• _Directions_:
The answer is to be an exact copy of the lines below running from the line with "8月30日(金)の2時間目に" down to the line with "The Shepherd's Embrace", both ends included, and nothing more.

[Data Boundary: Start]

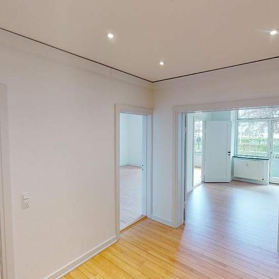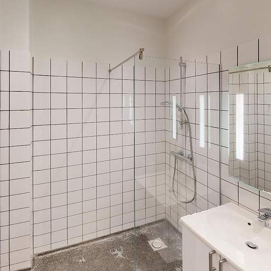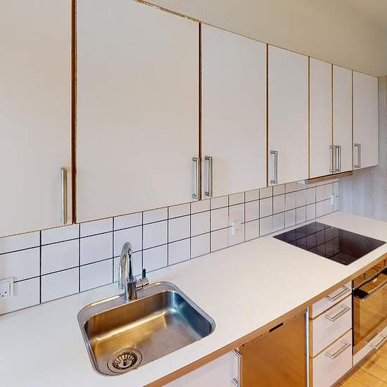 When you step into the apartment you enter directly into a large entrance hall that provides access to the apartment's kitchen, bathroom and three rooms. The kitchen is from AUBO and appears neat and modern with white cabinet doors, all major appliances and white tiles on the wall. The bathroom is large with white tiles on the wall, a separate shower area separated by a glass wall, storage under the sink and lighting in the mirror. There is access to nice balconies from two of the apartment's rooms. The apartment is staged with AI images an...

[Data Boundary: End]
[Data Boundary: Start]

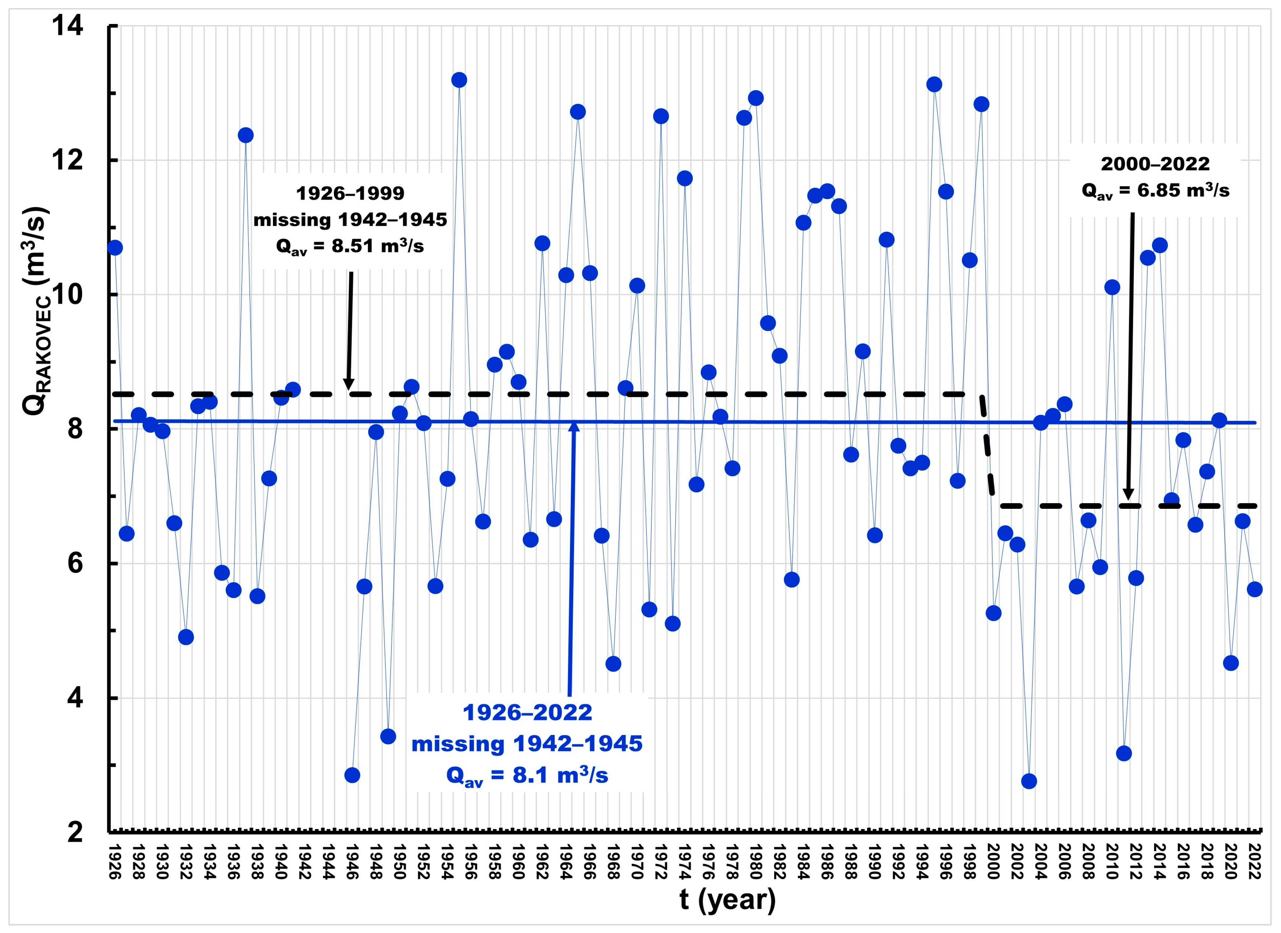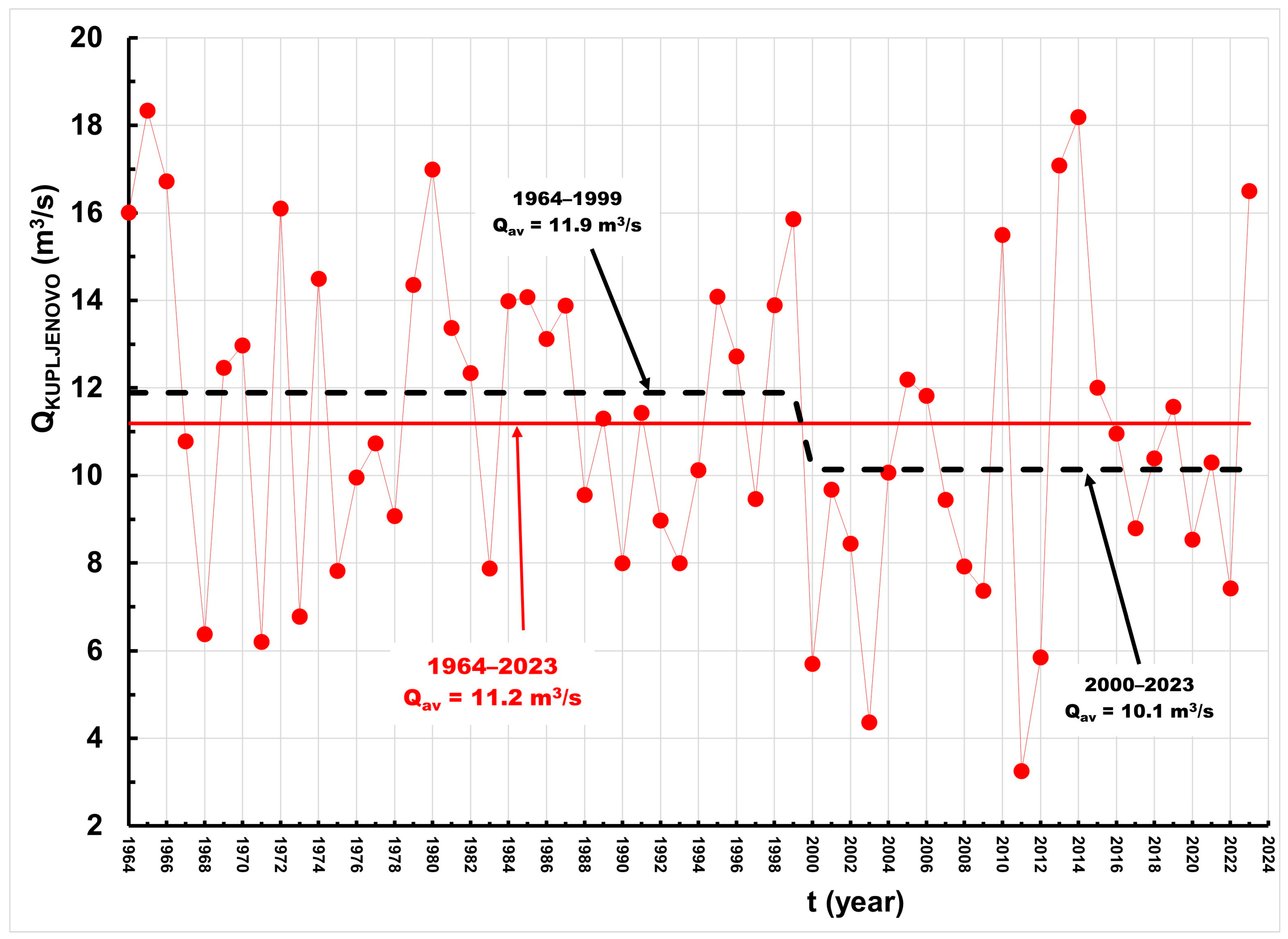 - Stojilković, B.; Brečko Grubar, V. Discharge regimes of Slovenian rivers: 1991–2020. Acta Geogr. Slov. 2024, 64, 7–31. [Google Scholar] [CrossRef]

[Data Boundary: End]
[Data Boundary: Start]

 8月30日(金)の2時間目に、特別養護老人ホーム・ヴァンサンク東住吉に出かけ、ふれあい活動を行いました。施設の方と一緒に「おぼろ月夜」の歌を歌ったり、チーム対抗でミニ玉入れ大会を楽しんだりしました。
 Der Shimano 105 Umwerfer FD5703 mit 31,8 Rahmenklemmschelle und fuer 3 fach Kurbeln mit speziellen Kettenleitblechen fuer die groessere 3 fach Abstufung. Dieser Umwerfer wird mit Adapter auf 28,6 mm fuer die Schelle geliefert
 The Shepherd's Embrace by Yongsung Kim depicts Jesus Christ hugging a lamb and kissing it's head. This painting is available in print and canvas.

[Data Boundary: End]

• _Exercise result_:
 8月30日(金)の2時間目に、特別養護老人ホーム・ヴァンサンク東住吉に出かけ、ふれあい活動を行いました。施設の方と一緒に「おぼろ月夜」の歌を歌ったり、チーム対抗でミニ玉入れ大会を楽しんだりしました。
 Der Shimano 105 Umwerfer FD5703 mit 31,8 Rahmenklemmschelle und fuer 3 fach Kurbeln mit speziellen Kettenleitblechen fuer die groessere 3 fach Abstufung. Dieser Umwerfer wird mit Adapter auf 28,6 mm fuer die Schelle geliefert
 The Shepherd's Embrace by Yongsung Kim depicts Jesus Christ hugging a lamb and kissing it's head. This painting is available in print and canvas.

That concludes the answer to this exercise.